After the food and socializing President Albert Katz introduced Patricia Darragh as the new Executive director and went over the year's achievements.  The COOC sponsored a booth manned by member producers at its first National Association for the Specialty Food Trade (NASFT) show, gaining exposure to the over 10,000 food retailers who attended.  Many producers have reported follow-up orders and interest. 

The COOC also gave a Sensory Evaluation of Olive Oil class for retailers.  They were challenged to go back to their store shelves, taste the oil on them and then toss out and refuse to carry the 50% of the oils which are of inferior quality. The seminar was such as success that NASFT has invited the COOC to give the seminar at the New York Fancy Food show.

Board members Bruce Golino and Tom Sloan were credited for revising the seal agreement.  It had been noted that a tired tasting oil with a very old (1999) but undated COOC seal was seen being sold at a high discount in Northern California stores.  The seal now carries a date and there are mechanisms for better enforcing the seal agreement.

Albert recognized public relations officer Leslie Newman for recent press releases and Sue Ellery, Patricia and others for their work on the website.  Greg Reisinger and Ridgley Evers have worked on the website and label enforcement issues.

Guest Kimberly Stewart, a food writer, spoke about her recent article in Better Nutrition magazine about fraud in the olive oil industry.  She cited the successful class action suit in the New York Supreme court against Unilever, manufacturer of Bertolli olive oil.  They labeled the oil as "Imported from Italy" when the oil was actually Tunisian, Turkish, or Spanish oil just passing through Italian ports.  She also talked about recent difficulties in detecting olive oils watered down with cheap hazelnut oil.  Because of its similarity spectrographically, it is difficult to detect this type of tampering.  The Middle East press recently reported that Turkey's largest oil producer, LIO, was found guilty of tampering with ship manifests, currently the most common type of fraud occurring.
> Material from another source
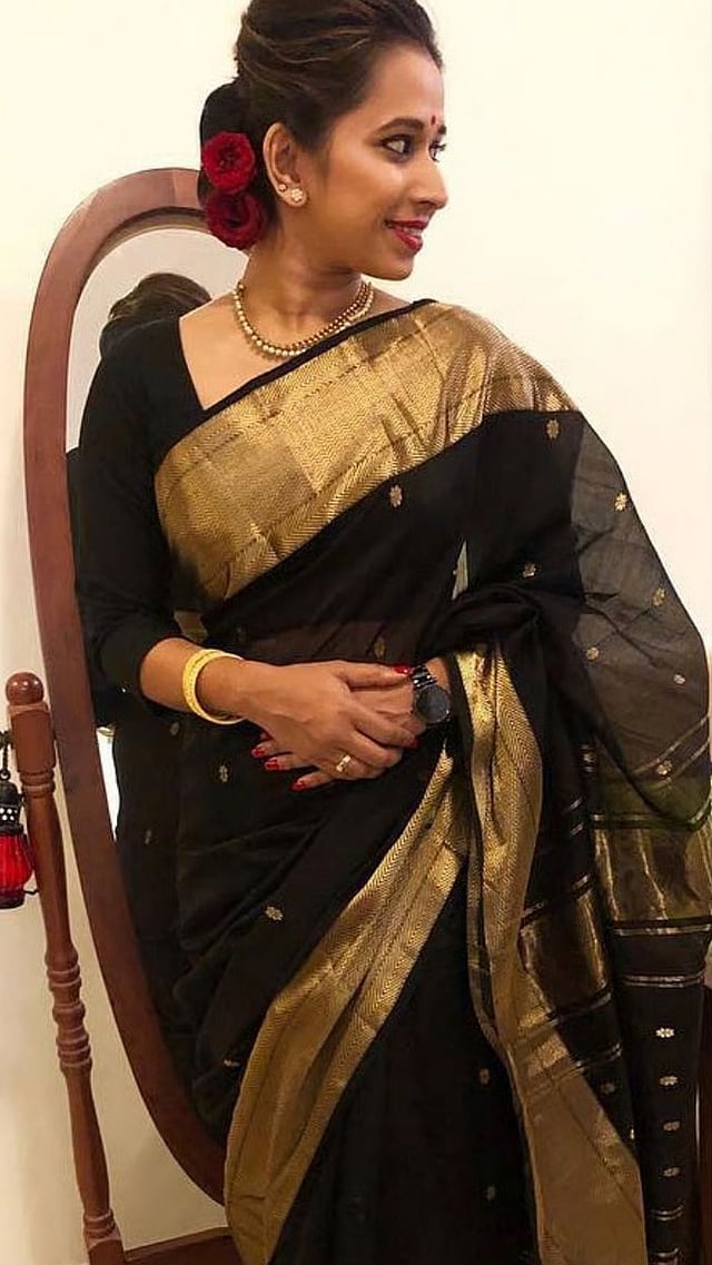 सोनेरी रंगाचे ब्लाऊज काळ्या साडीला एक शाही आणि मोहक लुक देते

Olive and hazelnut blended oils were shipped to Argentina and Brazil.  Somewhere in mid-Atlantic the blend changed into olive oil.  Click for full article

A heated question and answer period ensued.  President Katz related receiving legal threats against the COOC for exposing questionable practices here in California where oil improperly labeled as from California violated SB 920 which deals with appellation.  COOC legal liaison Tom Sloan clarified the COOC position on these issues.

Seventy oils have been submitted for approval under the COOC seal program, a record number.

U.C extension olive expert Paul Vossen spoke about the olive fly, and plans a "Spanish Experience Day" around June 1 to talk about his year in Cordoba.  He related how the COOC seal program in California mirrors efforts in Europe to create stricter labeling through Italian DOP or Spanish DO initialisms.  He also urged growers to lobby their representatives to keep funding for the extension program during the current state budget shortfall.